Exercise data.
───

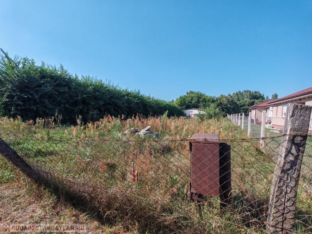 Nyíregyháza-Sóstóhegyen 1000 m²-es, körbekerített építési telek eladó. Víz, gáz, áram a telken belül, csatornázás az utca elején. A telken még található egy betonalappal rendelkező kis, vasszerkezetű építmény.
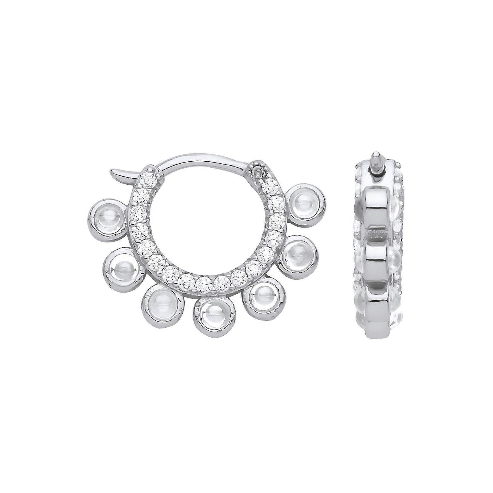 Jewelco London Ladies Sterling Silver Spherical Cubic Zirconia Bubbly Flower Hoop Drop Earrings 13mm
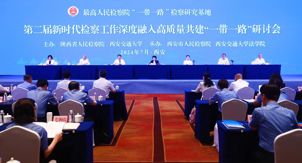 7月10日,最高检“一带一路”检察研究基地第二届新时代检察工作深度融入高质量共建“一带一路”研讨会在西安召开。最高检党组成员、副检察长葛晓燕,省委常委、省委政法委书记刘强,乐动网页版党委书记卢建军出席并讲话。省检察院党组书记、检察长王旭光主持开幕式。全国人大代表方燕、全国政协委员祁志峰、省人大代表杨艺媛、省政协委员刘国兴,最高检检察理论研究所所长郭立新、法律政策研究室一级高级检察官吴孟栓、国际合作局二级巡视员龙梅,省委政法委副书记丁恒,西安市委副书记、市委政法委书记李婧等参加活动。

───

Instructions to follow.
From the first line of the material down to the line containing "Jewelco London Ladies", inclusive, return each line exactly, skipping any picture.

Response to this task.
 Nyíregyháza-Sóstóhegyen 1000 m²-es, körbekerített építési telek eladó. Víz, gáz, áram a telken belül, csatornázás az utca elején. A telken még található egy betonalappal rendelkező kis, vasszerkezetű építmény.
 Jewelco London Ladies Sterling Silver Spherical Cubic Zirconia Bubbly Flower Hoop Drop Earrings 13mm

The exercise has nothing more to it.